37. Helps With Alcohol Dependency
Exercise used together with other traditional therapy techniques for alcohol dependency is also a fairly new area of research. There are far fewer studies looking at the effects of exercise on alcohol rehabilitation than smoking. But research is underway.
One review found six studies that measured drinking episodes, days of abstinence, and cravings. Of those six studies, four of them found improvements when compared against groups that did not use exercise. The remaining two failed to find any positive or negative results.
In a slightly longer study in 2014, sedentary patients were split into three groups for 12 weeks. One group did moderate exercise, another group aerobic exercise, and the third only received health advice. The results indicated that the patients in both exercise groups reported fewer drinking days and heavy drinking days when compared to a group that only received health advice. Researchers also noted that the patients who exercised in the group had more positive effects than that of just exercise alone.
38. Jumpstarts Learning
There are some other related exercise benefits that are most likely responsible for improved learning. The sharper memory, an increase in attention, and exercises ability to spur the growth of new brains cells would be the big ones. They can all play a vital role in helping one learn and retain new information.

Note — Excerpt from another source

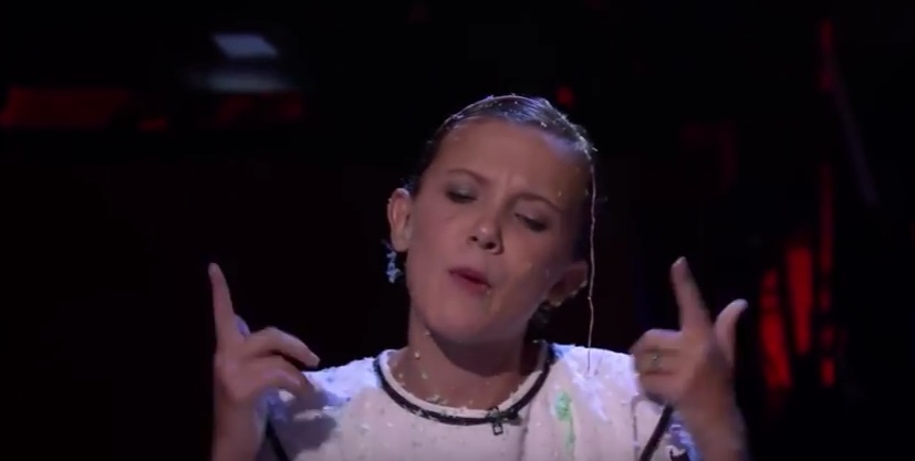 Al terminar su gran interpretación, la pequeña artista inglesa, de 12 años, compartió y se lanzó cotillón con el animador y sus compañeros en la producción de Netflix -Finn Wolfhard (Mike), Gaten Matarazzo (Dustin) y Caleb McLaughlin (Lucas)-, que va camino a su segunda temporada.

There’s a more interesting benefit of exercise that’s just as important. Not only does exercise help prime the brain to learn new information, it actually increases the rate at which you learn. One study looked at this quality, specifically. They took three groups and subjected them to different levels of exercise. One high impact, one low impact, and one group with no exercise.
Not only did the group with the high impact exercise learn 20% faster, they found a strong correlation with learning speed and brain-derived neurotrophic factor (BDNF). They also noticed that levels of dopamine were tied to better intermediate memory recall, and epinephrine was tied to long term memory retention.
39. Improves Academic Performance
Learning is obviously important in academic settings. Especially when you are a young adult learning the skills that will set you up for success in your personal and professional life in adulthood. It also applies to those who go back to school for higher education.
A meta-analysis covering 59 studies looked at the effects of physical activity and physical fitness on academic achievement. Not only did they find a strong, positive effect on achievement and cognitive abilities, they noted that the strongest effects came from aerobic exercise.
While the effects of exercise and academic achievement are known to some, the trend in school policy has not been so quick to embrace the mounting evidence. So while the details of what types of exercise and how much are being verified, here’s what the data says so far.
BMI is routinely used as an indicator of general fitness, but that doesn’t translate into how fit a person really is. Another study published in the Journal of Pediatrics found that being physically fit was a better predictor of high test scores than BMI. So be careful not to equate BMI to fitness!